After the butler called Jiang Xiaoyu over, his old face pulled taut as a bowstring. He didn’t care whether a cat could understand human speech or not and unilaterally assigned Jiang Xiaoyu the task of catching rats. Then, without any courtesy, he tossed Jiang Xiaoyu into the underground garage and shut the elevator doors, as if afraid he’d regret it and run away.
Jiang Xiaoyu stood there in a daze, completely baffled. How had he ended up having to catch rats? But with things as they were, he could only resign himself to fate and start wandering around the garage.
The garage was spacious, with a dozen or so cars parked haphazardly inside. Jiang Xiaoyu knew nothing about cars, but his instincts told him these were expensive—after all, they had that “priceless and way beyond my budget” look about them.
He stopped in front of a stretched black sedan. It wasn’t the iconic Celebratory Goddess Statue on the hood or the eye-catching Leopard License Plate that caught his attention, but the fact that this was the exact car from the case photos—the one the victim had been riding in before death.
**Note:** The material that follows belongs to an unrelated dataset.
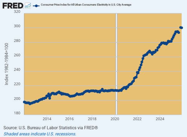 Needless to say, the political hot potato of “affordability” does very much come to mind when you take a gander at the CPI electricity graph below. On a nationwide basis, electric bills rose by +6.7% during the first twelve months of the Donald’s second term, and that was just more of the same punishment to household budgets that has been underway since February 2020.
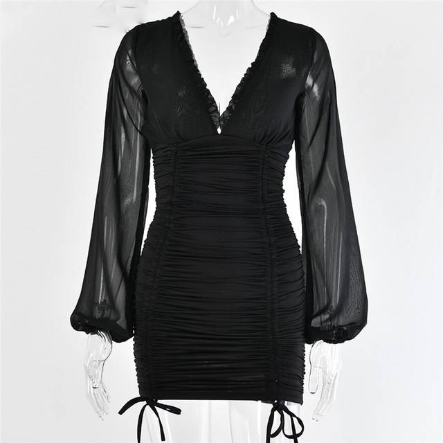 <transcy>Mini vestido ajustado de gasa con manga larga y cuello en V para mujer</transcy>

Jiang Xiaoyu circled the car once, then hopped onto the hood and pressed his face against the window glass to peer inside. The interior was spotless, without a single extraneous item. He pulled back, about to jump down, when he spotted his own paw prints—plum blossom-shaped—from the glossy paint job. He couldn’t help but grin awkwardly.
“If that butler sees this, he’ll get mad again,” he muttered, smearing at the prints haphazardly with his paw pads before jumping down and crawling under the car.
“This is way too clean,” Jiang Xiaoyu tsked. The car looked like it’d been meticulously cleaned—even the tire treads were spotless—as if its owner had severe OCD.
And the owner of this car, Ye Lian, was currently chairing the company’s quarterly business strategy meeting. As a globally leading energy extraction firm, they were reviewing a key project involving billions in investments.
Ye Lian sat at the head of the conference table, seemingly listening to the report absentmindedly while actually staring at the surveillance feed of Jiang Xiaoyu’s movements, lost in thought. He rarely used this car lately, the last time being…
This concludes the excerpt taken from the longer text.